> [Directions for this task]: Exact transcription, pictures omitted: begin at the top line of the records below and end with the line bearing "INRŌ A TRE SCOMPARTI IN OSSO".

[Data records]

++++

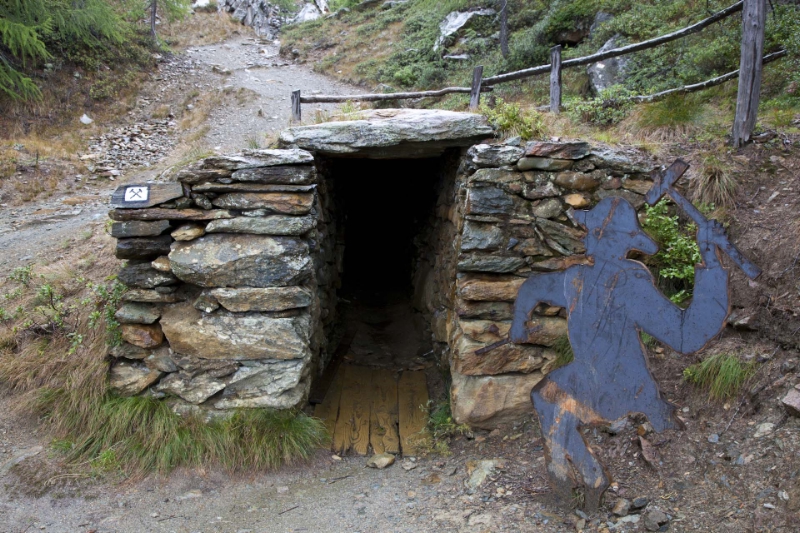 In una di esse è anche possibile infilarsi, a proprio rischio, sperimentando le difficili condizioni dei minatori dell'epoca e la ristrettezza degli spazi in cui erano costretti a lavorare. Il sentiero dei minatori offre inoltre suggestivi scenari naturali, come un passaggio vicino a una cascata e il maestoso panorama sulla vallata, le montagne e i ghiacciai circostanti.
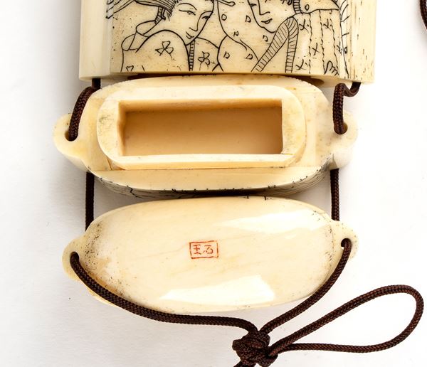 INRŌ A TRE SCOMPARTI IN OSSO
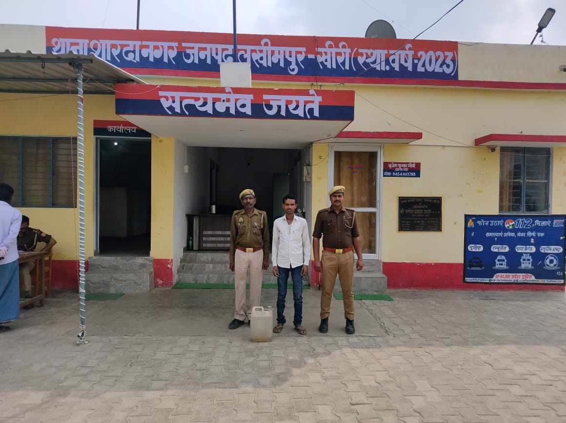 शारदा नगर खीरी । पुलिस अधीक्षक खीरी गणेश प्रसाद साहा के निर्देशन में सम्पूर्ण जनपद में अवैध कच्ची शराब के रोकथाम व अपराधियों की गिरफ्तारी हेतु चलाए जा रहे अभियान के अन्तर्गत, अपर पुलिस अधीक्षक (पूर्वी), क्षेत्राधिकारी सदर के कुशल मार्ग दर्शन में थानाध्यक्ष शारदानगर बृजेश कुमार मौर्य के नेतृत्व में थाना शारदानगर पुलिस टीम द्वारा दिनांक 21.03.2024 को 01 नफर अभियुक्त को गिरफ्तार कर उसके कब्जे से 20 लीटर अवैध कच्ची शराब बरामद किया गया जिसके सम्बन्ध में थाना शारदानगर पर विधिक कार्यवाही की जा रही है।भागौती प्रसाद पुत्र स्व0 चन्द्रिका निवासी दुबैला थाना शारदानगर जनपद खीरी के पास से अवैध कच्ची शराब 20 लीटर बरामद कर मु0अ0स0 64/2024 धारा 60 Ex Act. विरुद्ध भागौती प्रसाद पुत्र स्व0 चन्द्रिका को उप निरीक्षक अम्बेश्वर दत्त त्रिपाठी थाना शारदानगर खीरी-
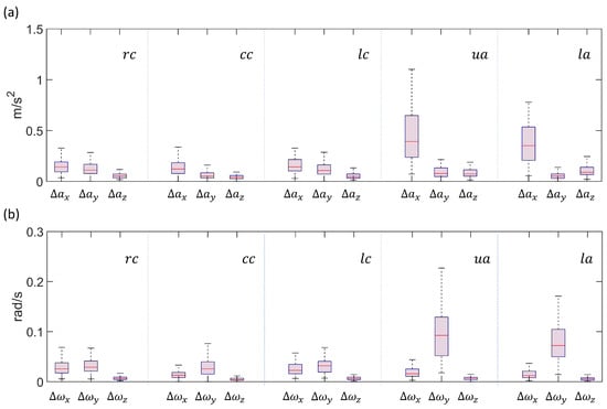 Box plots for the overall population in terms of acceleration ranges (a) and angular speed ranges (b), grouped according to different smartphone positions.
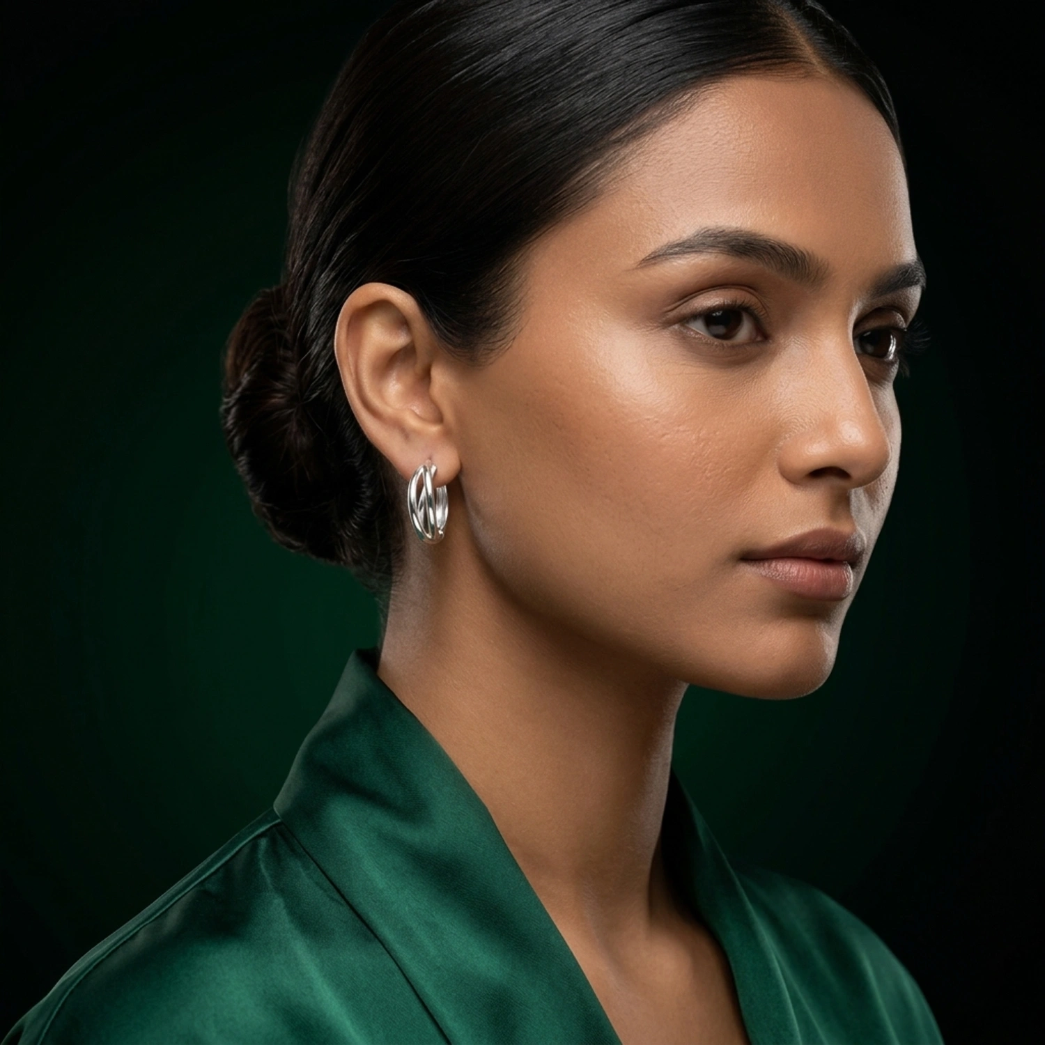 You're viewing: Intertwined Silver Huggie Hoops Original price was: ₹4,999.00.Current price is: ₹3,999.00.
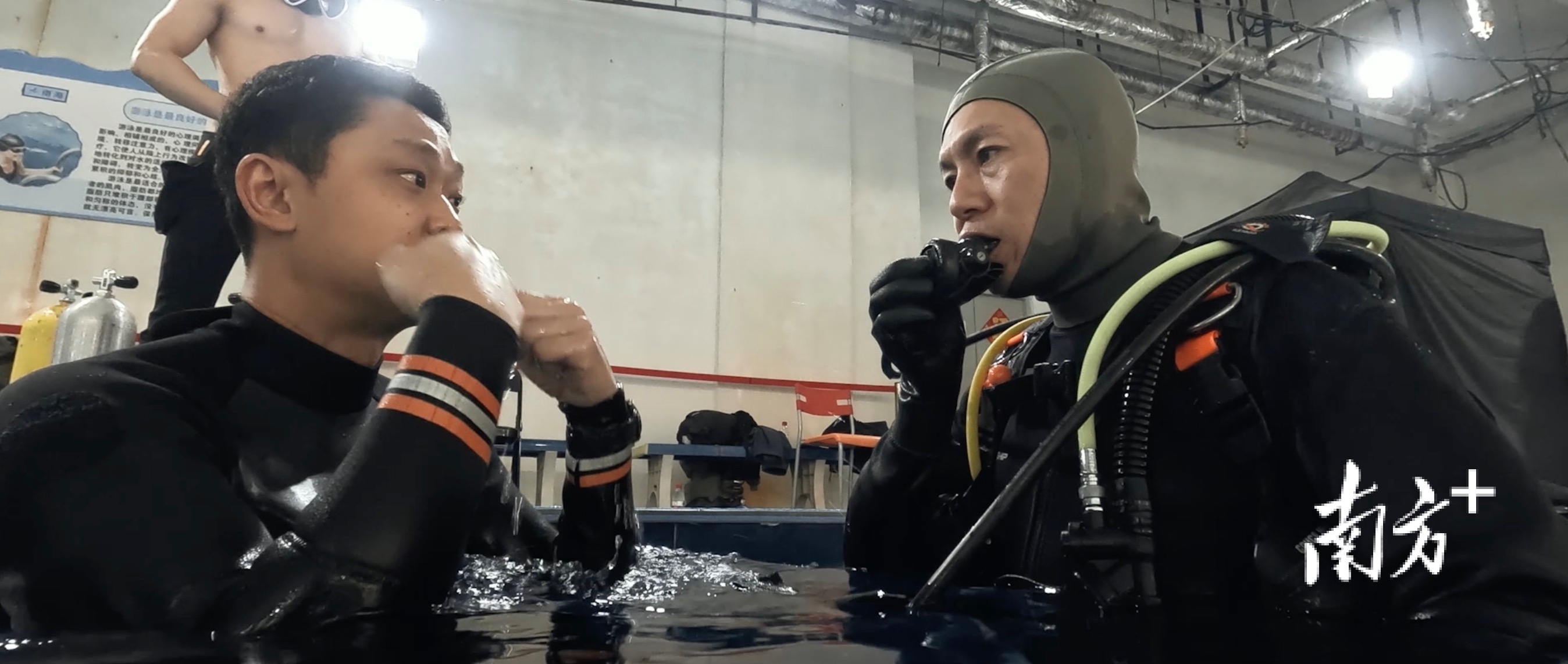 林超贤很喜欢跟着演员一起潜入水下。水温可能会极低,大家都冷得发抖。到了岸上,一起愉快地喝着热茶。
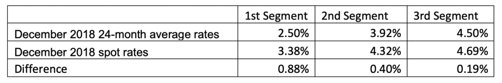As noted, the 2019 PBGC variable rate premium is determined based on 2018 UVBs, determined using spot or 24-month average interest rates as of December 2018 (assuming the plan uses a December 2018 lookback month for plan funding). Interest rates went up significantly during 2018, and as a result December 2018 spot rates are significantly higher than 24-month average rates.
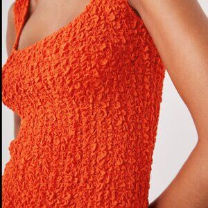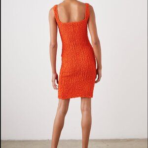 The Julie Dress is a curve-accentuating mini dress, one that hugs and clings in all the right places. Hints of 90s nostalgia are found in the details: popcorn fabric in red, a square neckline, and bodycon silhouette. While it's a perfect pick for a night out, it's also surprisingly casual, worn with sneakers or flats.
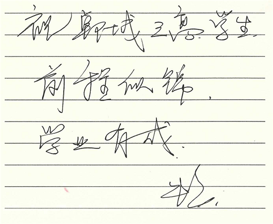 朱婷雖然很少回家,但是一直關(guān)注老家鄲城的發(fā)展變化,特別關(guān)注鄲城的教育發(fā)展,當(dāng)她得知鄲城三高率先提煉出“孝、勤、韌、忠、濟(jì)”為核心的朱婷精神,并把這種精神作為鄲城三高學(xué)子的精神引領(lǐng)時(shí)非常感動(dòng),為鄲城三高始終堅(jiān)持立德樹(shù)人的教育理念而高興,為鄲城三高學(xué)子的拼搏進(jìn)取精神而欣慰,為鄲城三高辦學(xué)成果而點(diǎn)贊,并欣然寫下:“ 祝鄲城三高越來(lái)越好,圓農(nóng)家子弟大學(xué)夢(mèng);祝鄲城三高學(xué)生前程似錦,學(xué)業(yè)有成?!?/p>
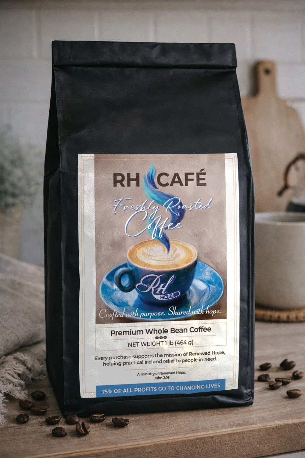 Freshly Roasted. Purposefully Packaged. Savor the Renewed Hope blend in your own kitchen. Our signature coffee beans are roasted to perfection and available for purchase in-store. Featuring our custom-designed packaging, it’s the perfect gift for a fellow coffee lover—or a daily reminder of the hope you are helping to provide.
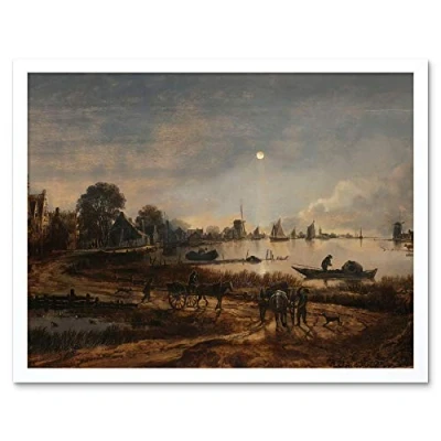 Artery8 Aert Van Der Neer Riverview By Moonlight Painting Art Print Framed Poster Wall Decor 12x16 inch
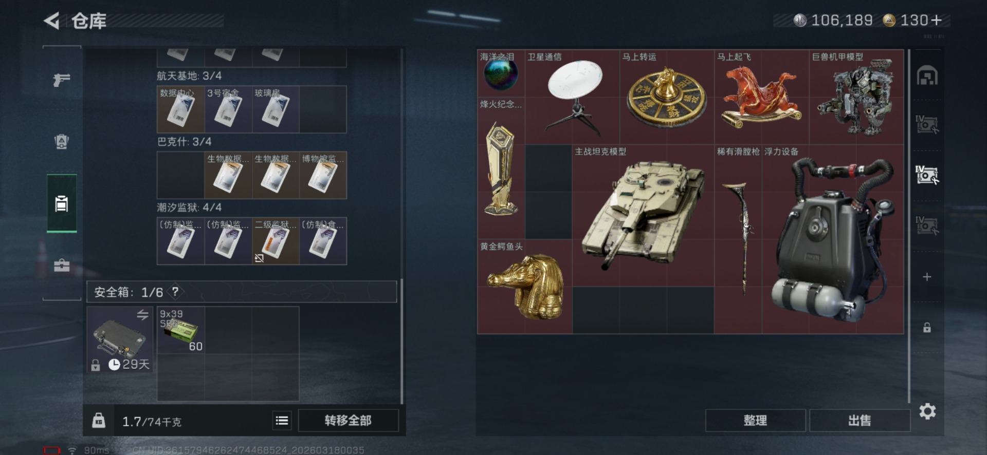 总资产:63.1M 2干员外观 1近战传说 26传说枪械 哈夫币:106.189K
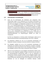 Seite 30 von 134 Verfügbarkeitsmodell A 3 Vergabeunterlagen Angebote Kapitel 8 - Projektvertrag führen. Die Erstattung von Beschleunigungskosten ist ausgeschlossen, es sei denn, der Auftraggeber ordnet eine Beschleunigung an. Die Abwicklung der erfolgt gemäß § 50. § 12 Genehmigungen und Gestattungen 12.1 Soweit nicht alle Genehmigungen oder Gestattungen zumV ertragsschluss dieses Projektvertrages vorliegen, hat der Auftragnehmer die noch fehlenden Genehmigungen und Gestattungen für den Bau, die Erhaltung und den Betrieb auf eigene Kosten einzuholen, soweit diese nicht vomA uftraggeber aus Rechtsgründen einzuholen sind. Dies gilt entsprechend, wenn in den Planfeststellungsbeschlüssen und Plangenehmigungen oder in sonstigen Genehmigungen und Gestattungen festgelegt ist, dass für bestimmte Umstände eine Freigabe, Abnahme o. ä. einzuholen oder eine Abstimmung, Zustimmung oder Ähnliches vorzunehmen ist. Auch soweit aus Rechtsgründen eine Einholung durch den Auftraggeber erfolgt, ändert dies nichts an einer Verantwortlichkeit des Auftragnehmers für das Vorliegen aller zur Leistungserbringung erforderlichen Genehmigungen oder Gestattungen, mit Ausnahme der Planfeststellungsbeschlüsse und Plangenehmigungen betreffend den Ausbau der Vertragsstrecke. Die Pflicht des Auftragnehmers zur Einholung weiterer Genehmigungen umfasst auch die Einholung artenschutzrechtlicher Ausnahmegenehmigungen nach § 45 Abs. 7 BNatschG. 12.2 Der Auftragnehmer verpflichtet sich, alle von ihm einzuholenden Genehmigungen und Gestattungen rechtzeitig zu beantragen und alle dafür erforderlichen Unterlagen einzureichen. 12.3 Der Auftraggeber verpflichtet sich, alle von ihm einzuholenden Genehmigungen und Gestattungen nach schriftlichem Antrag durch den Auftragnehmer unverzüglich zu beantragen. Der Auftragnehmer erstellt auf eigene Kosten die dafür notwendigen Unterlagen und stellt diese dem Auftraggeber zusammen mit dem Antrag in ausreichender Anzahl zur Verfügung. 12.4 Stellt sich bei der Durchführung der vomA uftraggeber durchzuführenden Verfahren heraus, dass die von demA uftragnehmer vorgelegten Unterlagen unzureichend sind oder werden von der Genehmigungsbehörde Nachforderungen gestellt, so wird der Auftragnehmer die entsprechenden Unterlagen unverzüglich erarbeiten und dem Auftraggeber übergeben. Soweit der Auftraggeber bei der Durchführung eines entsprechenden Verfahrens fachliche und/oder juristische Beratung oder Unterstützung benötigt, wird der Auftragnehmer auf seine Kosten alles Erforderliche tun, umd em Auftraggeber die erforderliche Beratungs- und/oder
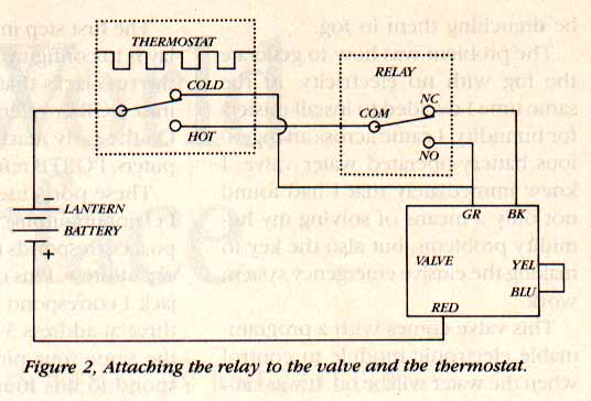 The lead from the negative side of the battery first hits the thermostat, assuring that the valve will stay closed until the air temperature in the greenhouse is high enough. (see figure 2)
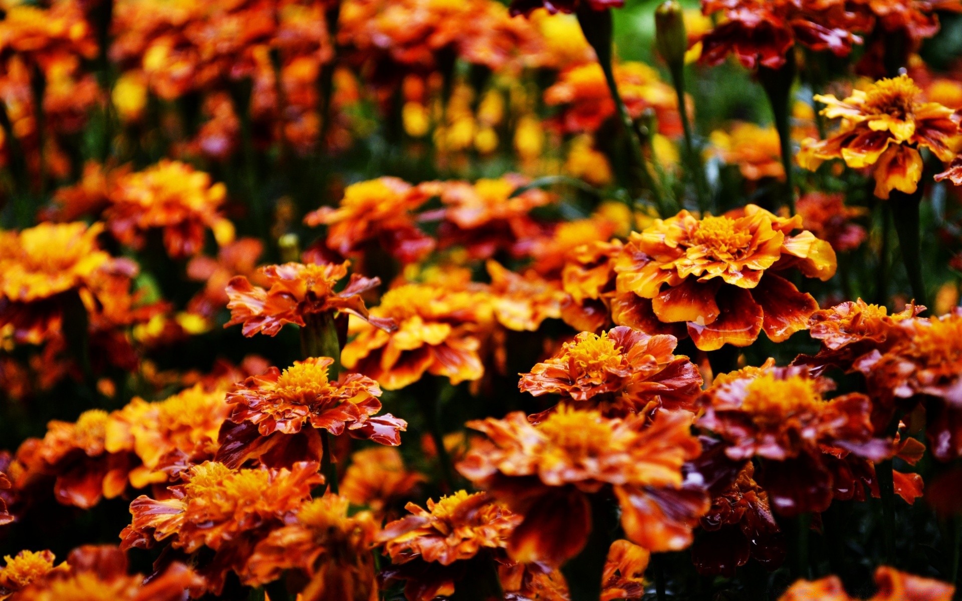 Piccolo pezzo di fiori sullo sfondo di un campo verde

++++

> [Response box]:
 In una di esse è anche possibile infilarsi, a proprio rischio, sperimentando le difficili condizioni dei minatori dell'epoca e la ristrettezza degli spazi in cui erano costretti a lavorare. Il sentiero dei minatori offre inoltre suggestivi scenari naturali, come un passaggio vicino a una cascata e il maestoso panorama sulla vallata, le montagne e i ghiacciai circostanti.
 INRŌ A TRE SCOMPARTI IN OSSO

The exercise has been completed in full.